Memorial Markers, Spaces, and Places.
While figuration lies at the heart these monuments, the human body is not the only form that commemoration takes in Massachusetts. The ‘Rockery’, a garden-like grotto designed by Frederick Law Olmsted and found in North Easton presents a rather different alternative. Thanks to the use of multiple rocks and their loose assembly, the ‘Rockery’ recalls the tradition of the memorial cairn. A cairn is one of the most basic forms of marker. It is a function they share with the obelisk and the other kinds of shafts that populate the landscape of Massachusetts more broadly. These simple abstract forms were usually less expensive than figurative designs and could be personalised by inscription. Their blank surfaces allowed for the recording of names and other details such as regiment or battle. This is also true of memorial plaques and tablets which, although unassuming at first, could turn a whole building into a monument.
The Town Hall at Sutton in Worcester County is one such example.
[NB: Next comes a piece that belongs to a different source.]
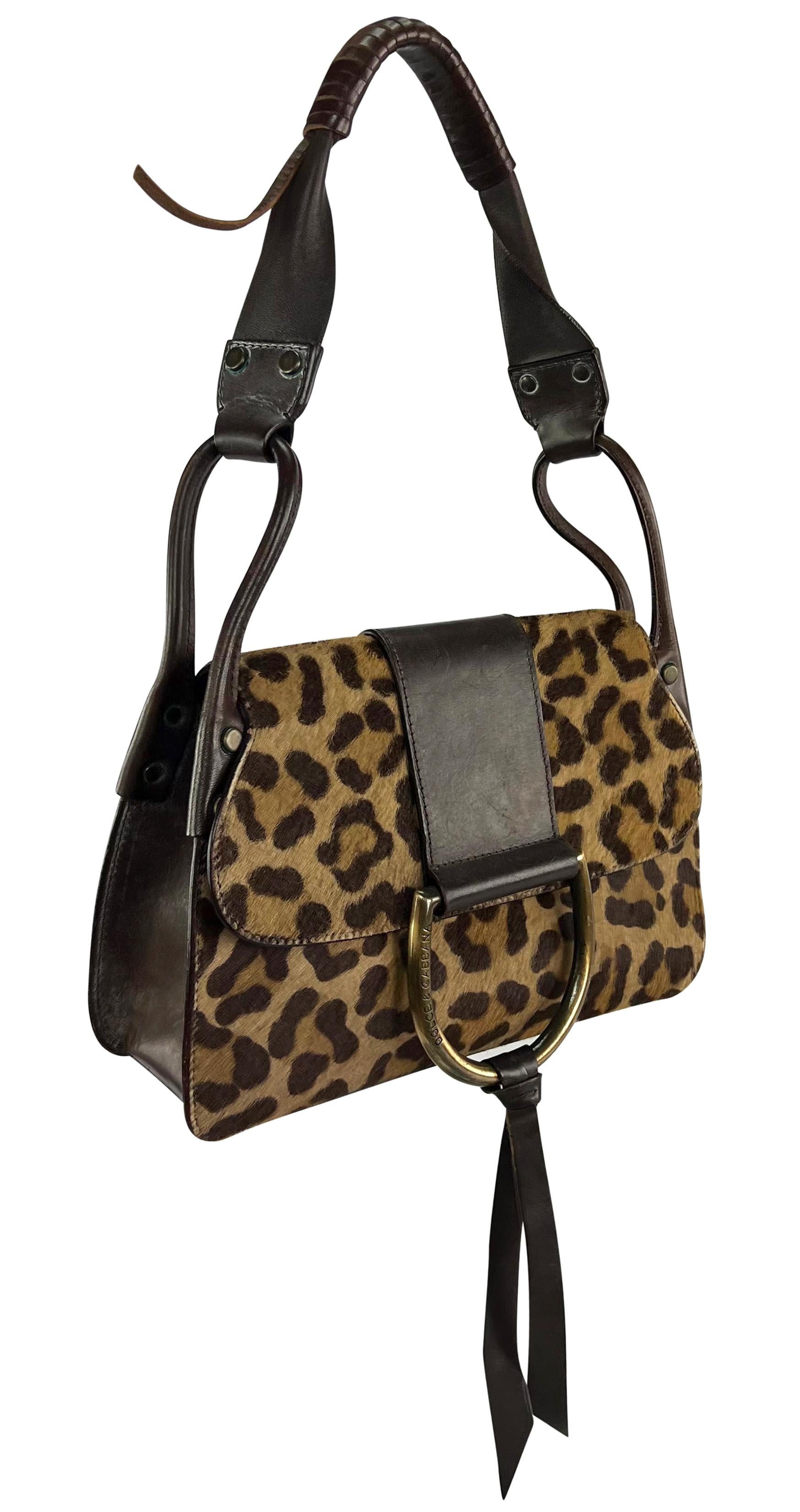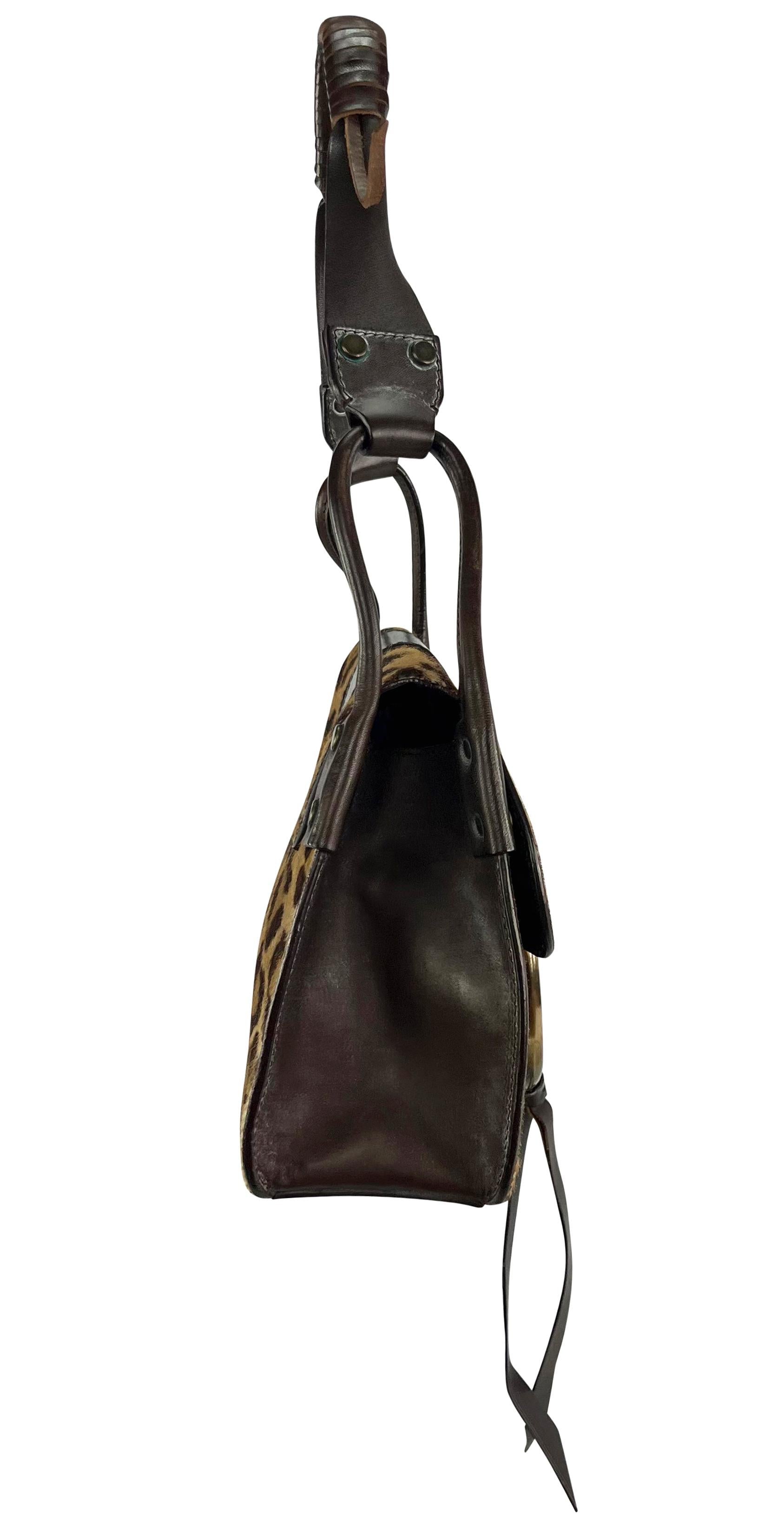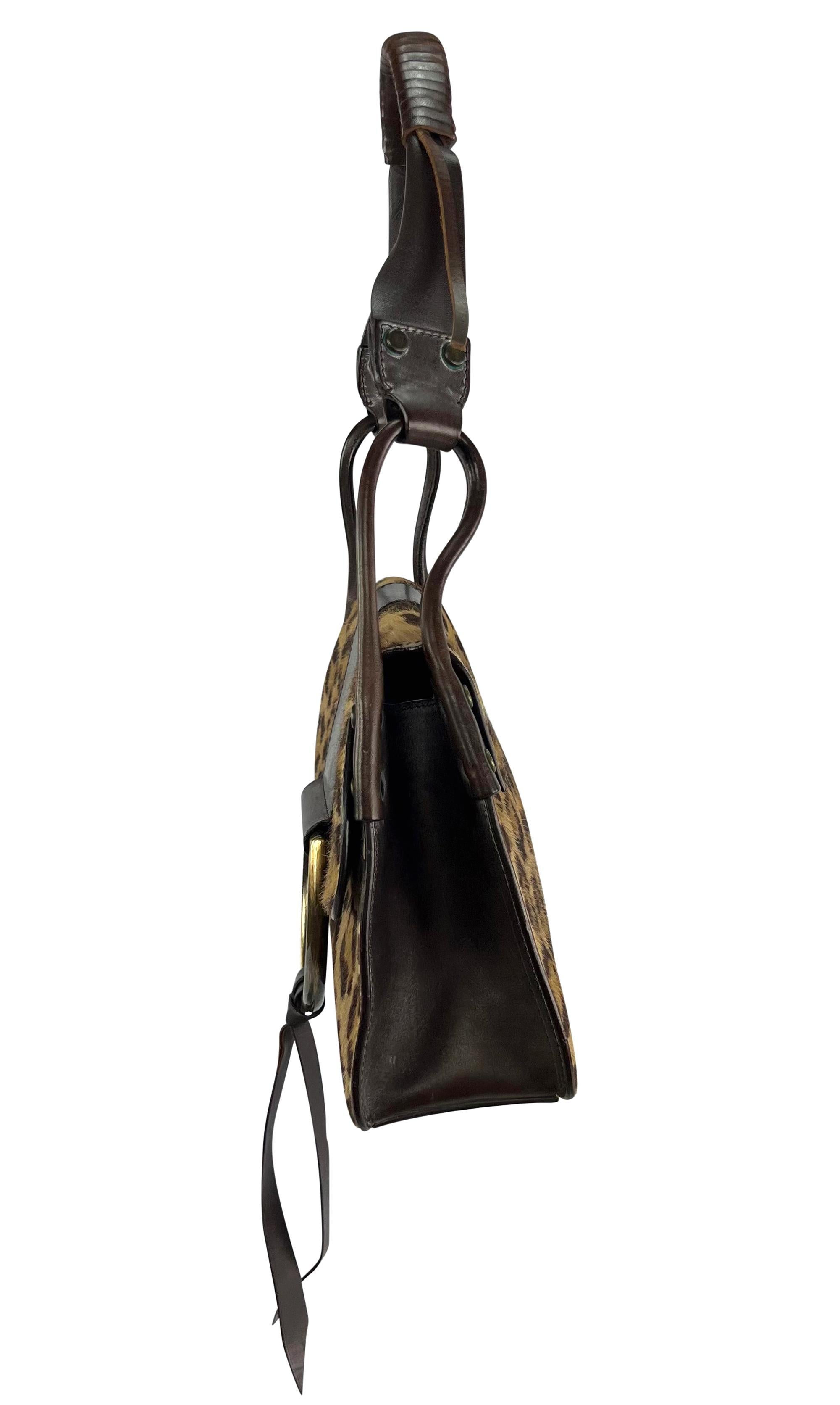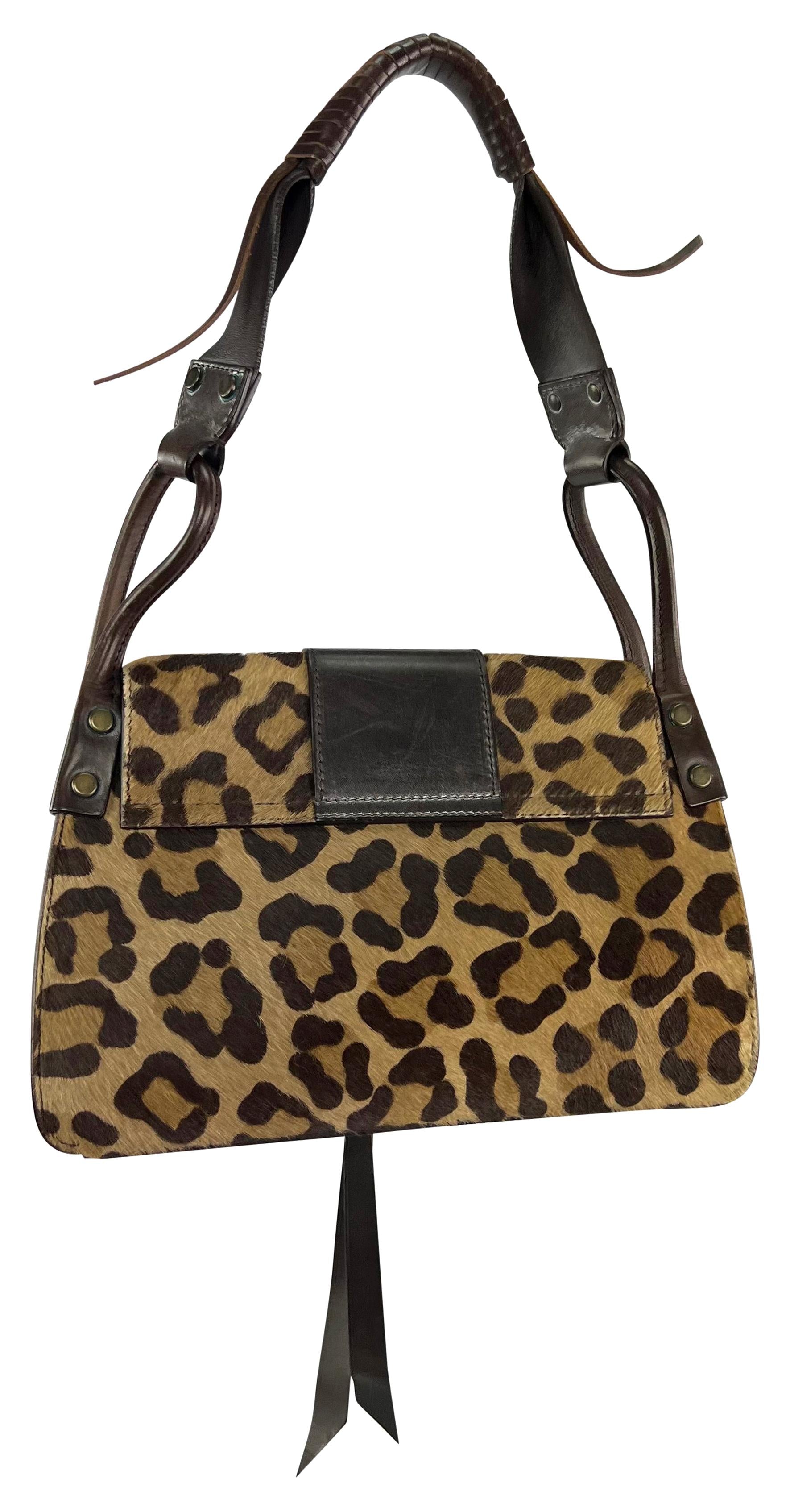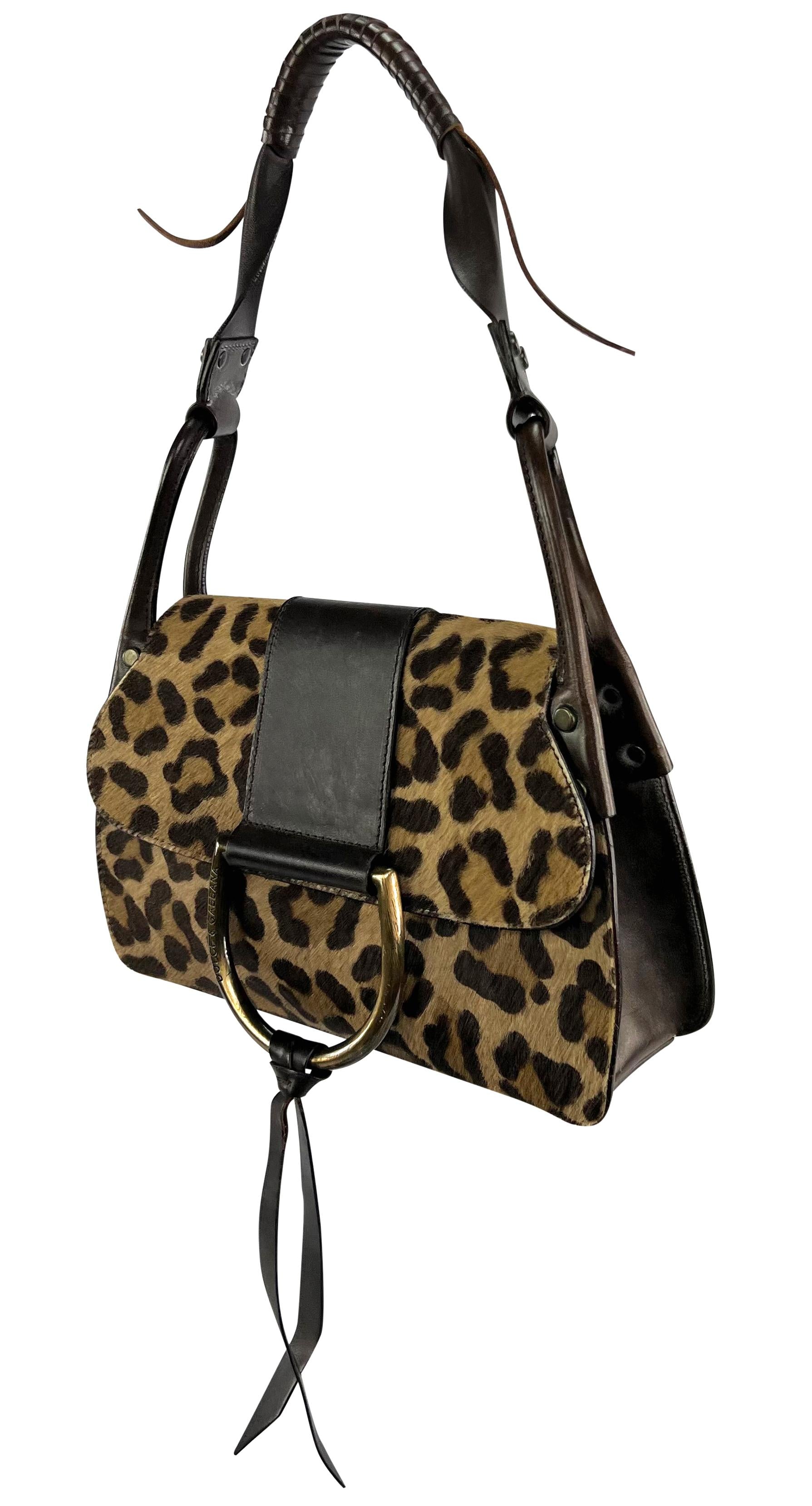 2000s Dolce & Gabbana Leopard Print Ponyhair Distressed Brown Ring Shoulder Bag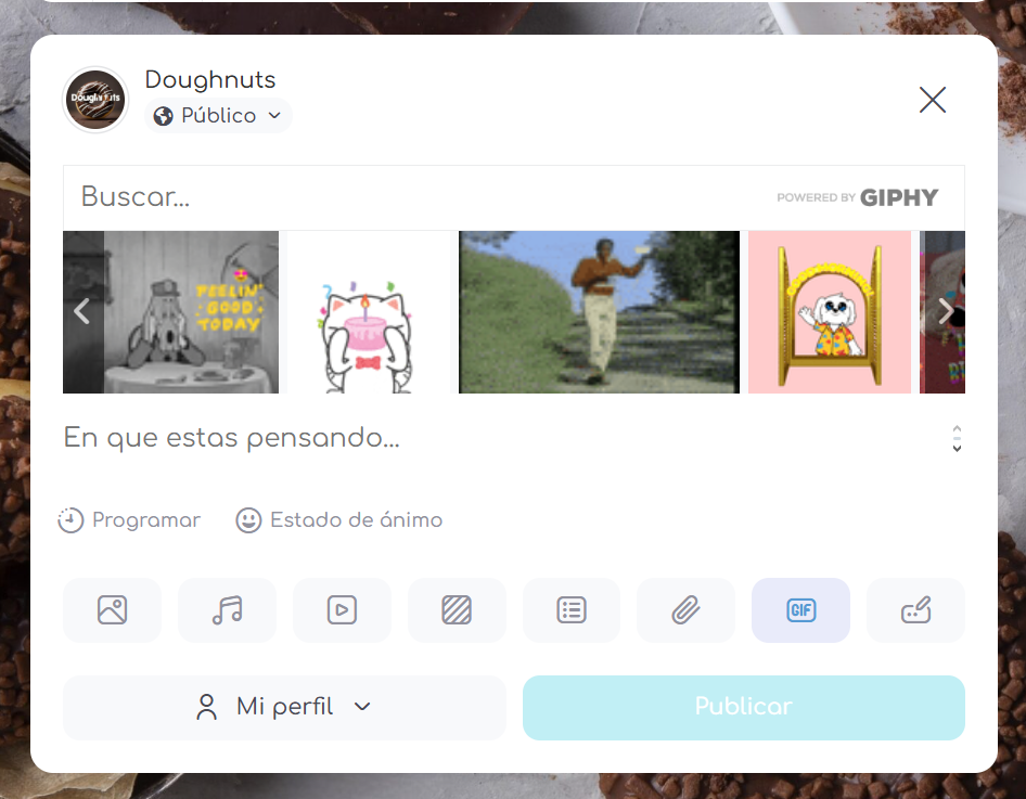 En Post de GIF puedes buscar GIF y postear desde un gif de Giphy

Memorial tablets were installed in 1885 and list both those who lost their life in the war and those veterans who survived it. Not originally intended as such, the Hall now serves as the town’s main site of Civil War memory. This practice has its counterparts in other Massachusetts towns and taps into the wider debate about ‘useful memorials’.
‘Useful memorials’ were structures that served a civic function in addition to that of remembrance. As early as 1865, The Soldiers’ Memorial Society in Boston expressed a preference for this type. ‘Our monuments to our brothers who have served the country shall be in the hospitals, schools, and other beneficent institutions to which we can contribute in the region where they fought for us,’ they vowed. According to the historian Thomas J. Brown, ‘New England, and especially Massachusetts, dominated the commissioning of utilitarian memorials’ (33). Brown argues that the state’s town system and strong regional leadership created a context in which the combination of memorialisation and municipal building particularly appealed. Public libraries, like those in Andover, Framingham, Lancaster, North Reading, and Northampton, all dedicated between 1868-1875, offer evidence of this trend.
Those who advocated for utilitarian forms often did so on the belief that monuments should reflect the democratic values the soldiers fought for. To keep their memory alive meant making monuments that had an integral role in the everyday functioning of a town. This kind of thinking also informed the location of more traditional monument forms. It explains why some towns opted to place their monuments on the commons rather than in the local cemetery. As the orator at the dedication of Stockbridge’s monument, Henry Dwight Sedgewick, stated: a monument should not be ‘a thing apart to be visited and admired — not as a stern memento mori – but in the midst of your daily village life, this noble shaft is in your sight as you go to the shop, the post-office, or the bank’. On this basis, the Civil War monuments of Massachusetts tell us something about the connection between memory and the significance of place.